One of Soloviev’s most zealous followers was Prince Eugene Trubetskoy, who took an active part in the political life of Russia in the early twentieth century. All his activities on the political scene were imbued with a desire to reconcile everything and everyone on the basis of truth and justice. This is a kind of political application of the idea of the unity of his teacher. His works are focused exclusively on uniting the people around the common cause of spiritual salvation and revival of Russia. But as he failed to realize de facto Christian socialism, abandoning his glittering political career, which the Cadet Party offered him, in his own words, because “anti-legal, anti-constitutional democracy inevitably degenerates into anarchy, which, in turn, breeds the opposite extreme or despotism.”
Many compare chiliasm to socialism. In the eighteenth century, the century of rationalism, enlightenment, skepticism, revived the ancient, Jewish chiliasm, the old faith in heaven on earth, but now in a new shell: first as political democracy (“freedom, equality, brotherhood” and human rights and the citizen ”), later as socialism.

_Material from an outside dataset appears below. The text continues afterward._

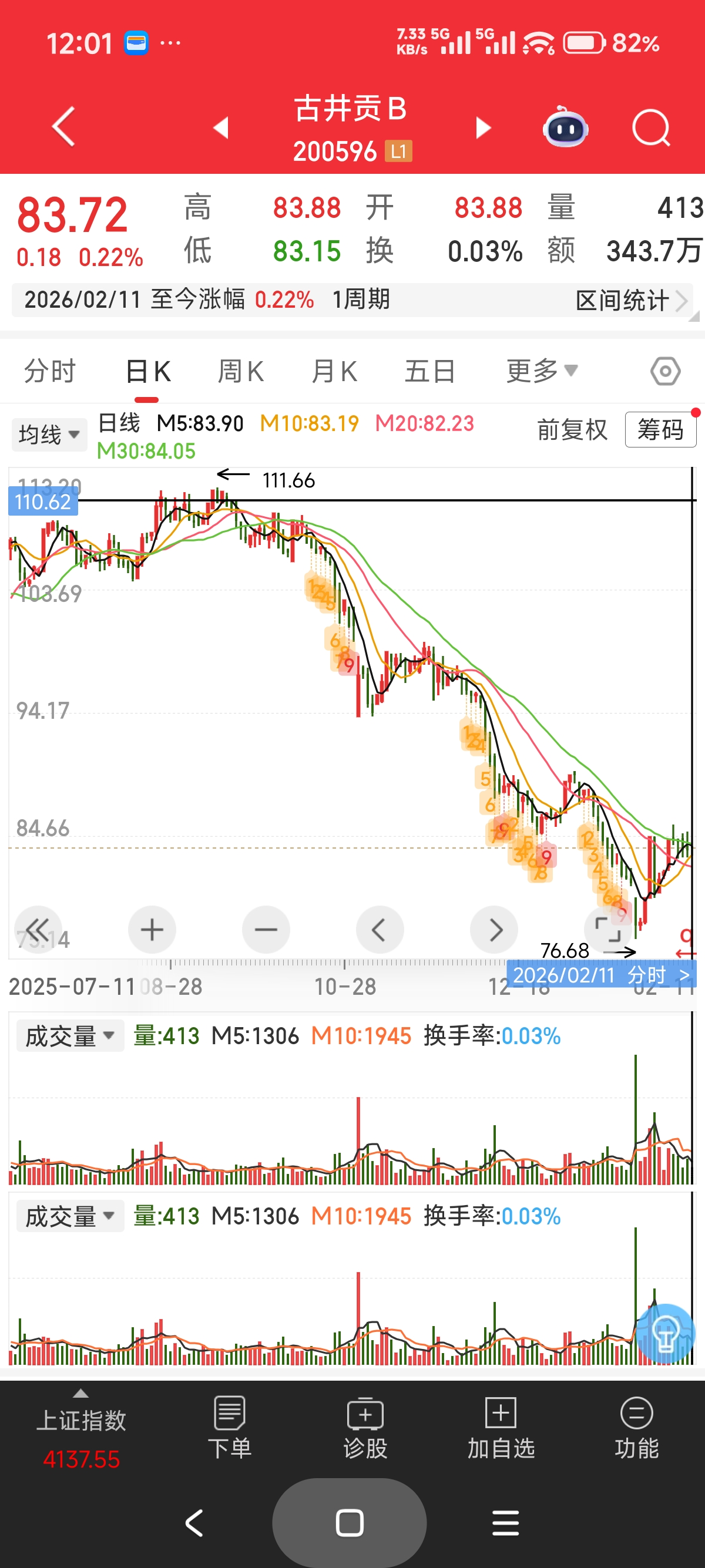 Mis acciones B en Shanghai y Shenzhen siempre están en posición completa. Para comprar, tuve que vender las dos acciones de Gujinggong B y sacar dinero para comprar. ¡Por suerte! Vendí menos y perdí un 20%, compré y gané un 60%. En total, compré 400 lotes en tres ocasiones.

With the general secularization of life characteristic of the new history, the old Jewish chiliasm was also secularized, and in this secularized form it became socialism. In socialism we must distinguish between a “goal,” or an ideal, and a movement or a practice. The latter is the subject of political economy and realistic social policy, the former belongs to the field of faith and religious trust (in a broad sense). Socialism finds some justification in neo-paganism – or in the religion of man-god. Socialism is an apocalypse of the naturalistic religion of man-god. The latter is a religious scarcity, and therefore social-chiliasm is a simplification, a degeneration, even a denigration of the old Jewish chiliasm. Socialism is a rationalist, translated from the language of cosmology and theology into the language of political economy, application of Jewish chiliasm. The chosen people, the bearer of the messianic idea, or, as it was later called in Christian sectarianism, the “People of the Saints,” were replaced by the “proletariat” with a specific proletarian soul and a special revolutionary mission. from the sign of class or belonging to the proletariat, or the situation in the production process.